A 50-year-old woman comes to the emergency department due to abdominal pain. For 3 days, she had lower abdominal cramping and frequent watery diarrhea, but over the past 24 hours, the pain has progressively worsened; she has also had a fever. The patient has no chronic medical conditions but recently finished a course of ciprofloxacin for pyelonephritis. Temperature is 38.9 C (102 F) , blood pressure is 110/68 mm Hg, and pulse is 118/min. Abdominal examination shows lower abdominal tenderness without guarding or rigidity. Abdominal CT scan reveals colonic wall edema without perforation. The patient is admitted to the hospital and treated with intravenous fluids and oral vancomycin.

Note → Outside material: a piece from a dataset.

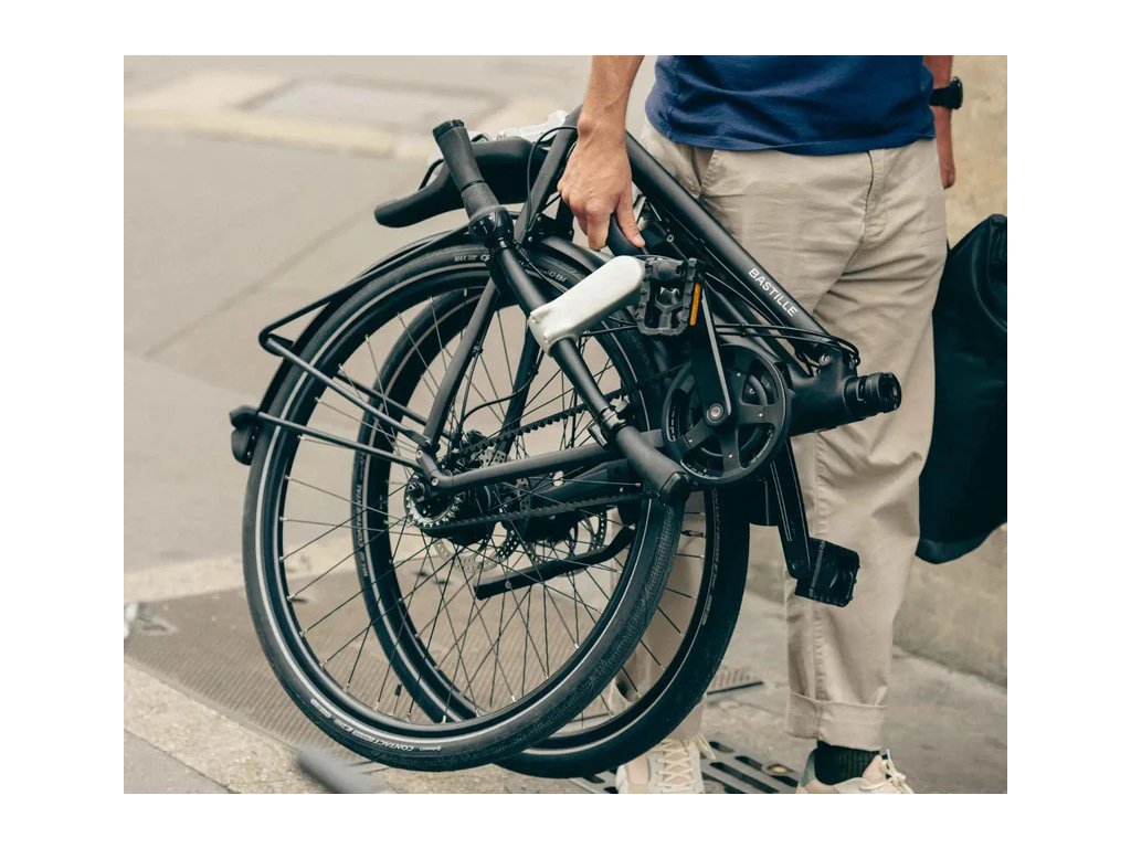 Konečně bicykl, který nám po bezmála dvaceti letech zkušeností se skládacími koly přináší jednoznačné odpovědi na veškeré dosud diskutabilní vlastnosti skládacích kol. Voilà! Posuďte sami: "Skládací kola mívají malé průměry kol a cyklisté vyšších postav mohu mít pocit, že působí směšně." Nikoli v případě Bastille! 27,2" průměr kol a plnohodnotný rám klasického tvaru je prakticky k nerozeznání od klasických jízních kol. "Skládání je pracné a zdržuje." Nikoli v připadě Bastille! Pečlivě a moderně propracovaný systém skládání nemůže být pohodlnější a trvá po zácviku 5 vteřin. "Skládací kola jsou špatně osazená." Opět nikoli v případě Bastille! Hydraulické kotoučové brzdy, řemenový převodník, nábojová převodovka a dynamo, moderní integrované LED osvětlení, karbonová vidlice - vysoký standard komponent a materiálů.

Stool toxin assay is positive for Clostridioides (formerly Clostridium) difficile. Two days later, the diarrhea has decreased, but the abdominal pain is worsening. Examination shows an absence of bowel sounds; the abdomen is distended and diffusely tender to both palpation and release of palpation pressure. Abdominal x-ray reveals dilation of the transverse and descending colon to 10 cm. Serum lactate is 6 mmol/L (normal: <2) . Which of the following is the best next step in management?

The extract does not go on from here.